Emperor penguins have natural predators such as orcas, sharks, and leopard seals. The South Polar Skua bird also targets their chicks. However, the biggest threat to Emperor penguins may be humans.

Currently, the International Union for Conservation of Nature (IUCN) has classified Emperor penguins as “Near Threatened”. The primary cause is the “reduction in food and breeding grounds due to global warming”.

As the ice melts and the area of ice fields decreases due to global warming, the algae that live there also decrease. Consequently, Antarctic krill, which feeds on algae, also decreases in number. Emperor penguins, which feed on Antarctic krill, are affected by this decrease in food.

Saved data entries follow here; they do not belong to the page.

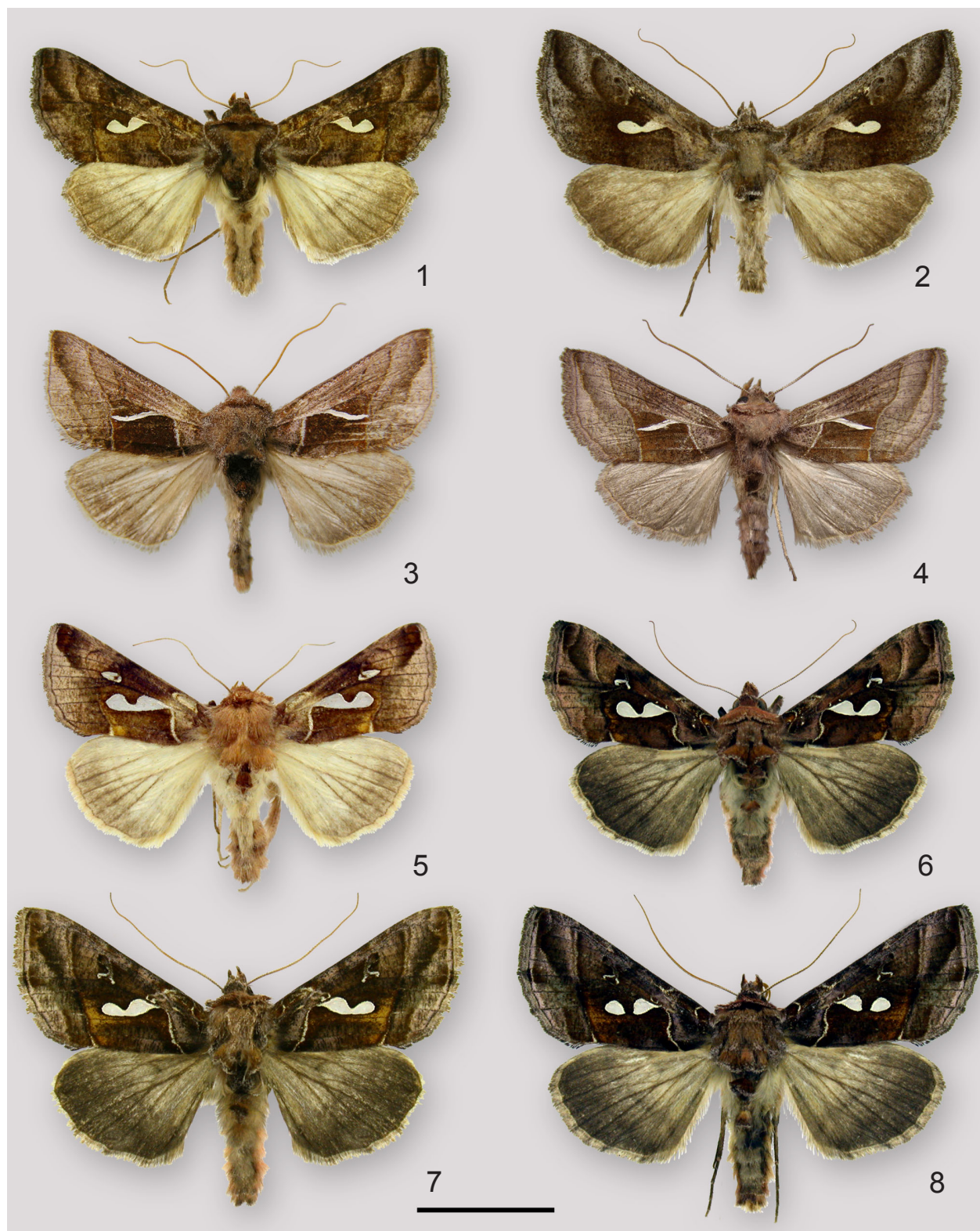
Figure 1–8. Megalographia spp. 1) M. monoxyla , m, Cochabamba, Incachaca, Bolivia. 2) M. agualaniata , m, Cochabamba, Incachaca, Bolivia. 3) M. culminicola , m, Ecuador. 4) M. culminicola , f, Junin to Huanuco Hwy., Pasco, Peru, 3600 m. 5) M. bonaerensis , m, Curitiba, 920 m, Paraná, Brazil. 6) M. biloba , m, San Gerardo de Dota, Cartago, Costa Rica. 7–8) M. talamanca , m, Reserva los Nimburos, 3150 m, Cerro de la Muerte, San José, Costa Rica.
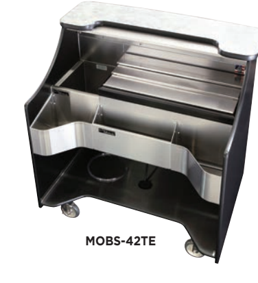
42" Signature Mobile Bar Designed by Tobin Ellis Model Number - MOBS-42TE
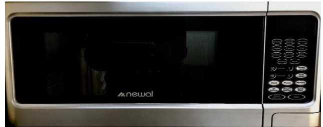
Fig 3. Microwave system

Microwave system (230-240V-50Hz 900W) (Fig 3) was used

Furthermore, Emperor penguins take time from laying eggs to their chicks becoming independent. If the ice fields continue to shrink, there is a risk that all the ice will melt before the chicks become independent.

In recent years, people have expressed concerns about unexpected phenomena occurring due to global warming. This is an opportunity for us to consider building a better relationship between humans and penguins together.


What is the lifespan of an emperor penguin?

The lifespan of Emperor penguins living in the harsh natural world is up to approximately 20 years.